Task details
Of the lines in the material below, print only those from the one containing "- вторая часть" to the one containing "Virksomhedens MitID-administrator skal", ends included, exactly as written and without pictures.

Dataset

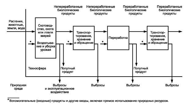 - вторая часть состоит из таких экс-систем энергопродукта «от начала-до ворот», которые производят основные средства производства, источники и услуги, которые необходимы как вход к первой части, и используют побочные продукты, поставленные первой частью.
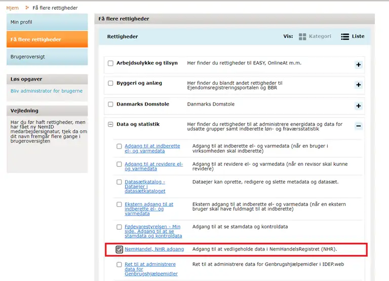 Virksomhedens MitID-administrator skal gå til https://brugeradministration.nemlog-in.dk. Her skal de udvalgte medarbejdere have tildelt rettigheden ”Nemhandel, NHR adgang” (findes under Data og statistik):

...

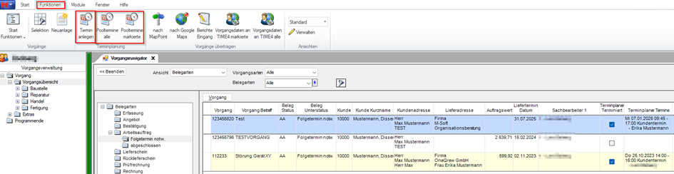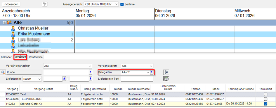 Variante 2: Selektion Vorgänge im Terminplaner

Output of the exercise
 - вторая часть состоит из таких экс-систем энергопродукта «от начала-до ворот», которые производят основные средства производства, источники и услуги, которые необходимы как вход к первой части, и используют побочные продукты, поставленные первой частью.
 Virksomhedens MitID-administrator skal gå til https://brugeradministration.nemlog-in.dk. Her skal de udvalgte medarbejdere have tildelt rettigheden ”Nemhandel, NHR adgang” (findes under Data og statistik):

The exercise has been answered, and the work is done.